Skip to Content

Monitoring

Minimum viable monitoring for tidecoind checks five things: the process is running, the node is on the expected chain, block height is advancing, peer count is healthy, and disk space is not near exhaustion. Everything else builds on those signals.

This page is the operator runbook. It is not the external metrics integration guide; Prometheus, Grafana, log shipping, and exporter patterns belong in Monitoring Integration.

Quick health check

Run these checks first when a node looks unhealthy:

tidecoin-cli getblockchaininfo tidecoin-cli getnetworkinfo tidecoin-cli getmempoolinfo tidecoin-cli uptime

For a wallet-capable node, also check wallet loading separately:

tidecoin-cli listwallets

Core signals

SignalRPC or sourceHealthy state
Processsystemd, container runtime, or process supervisorRunning and restarting only intentionally.
Chaingetblockchaininfo.chainMatches the expected network.
IBDgetblockchaininfo.initialblockdownloadFalse after initial sync.
Block progressgetblockchaininfo.blocks, headers, verificationprogressBlocks advance and do not lag headers unexpectedly.
Best hashgetblockchaininfo.bestblockhashAgrees across your own nodes.
Peersgetnetworkinfo.connectionsAbove your operational threshold.
Network activegetnetworkinfo.networkactiveTrue.
Mempoolgetmempoolinfo.size, bytes, mempoolminfeeWithin expected range for the node role.
DiskFilesystem and getblockchaininfo.size_on_diskEnough free space for chain growth and logs.
Warningsgetblockchaininfo.warnings, getnetworkinfo.warningsEmpty.

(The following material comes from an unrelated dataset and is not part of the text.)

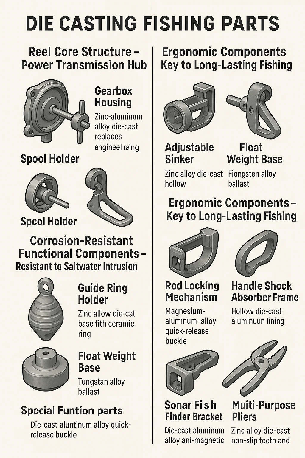 Die gjutning av fiskedelar är kärnmetallkomponenter tillverkade med en högtrycksgjutningsprocess. De hanterar nyckelfiske -krav som lättviktning, korrosionsbeständighet och funktionell tillförlitlighet. Viktiga applikationer och funktioner är följande:

Do not treat one node’s height as authoritative. Compare at least two nodes you control, or compare your node against a known-good external source during manual incident response.

Alert starting points

Tune exact thresholds to the deployment, but start with these classes:

AlertInitial condition
Node downRPC probe fails or supervisor reports the process stopped.
Stuck syncblocks does not advance while peers are connected and headers are ahead.
IBD too longinitialblockdownload remains true after the planned sync window.
Low peersconnections stays below the node-role threshold.
Network disablednetworkactive is false.
Chain mismatchchain is not the configured network.
Fleet splitTwo controlled nodes report different best block hashes past a tolerance window.
Disk pressureFree disk crosses the filesystem threshold.
WarningsRPC warnings field becomes non-empty.
Deep reorgA reorg exceeds the service’s configured tolerance.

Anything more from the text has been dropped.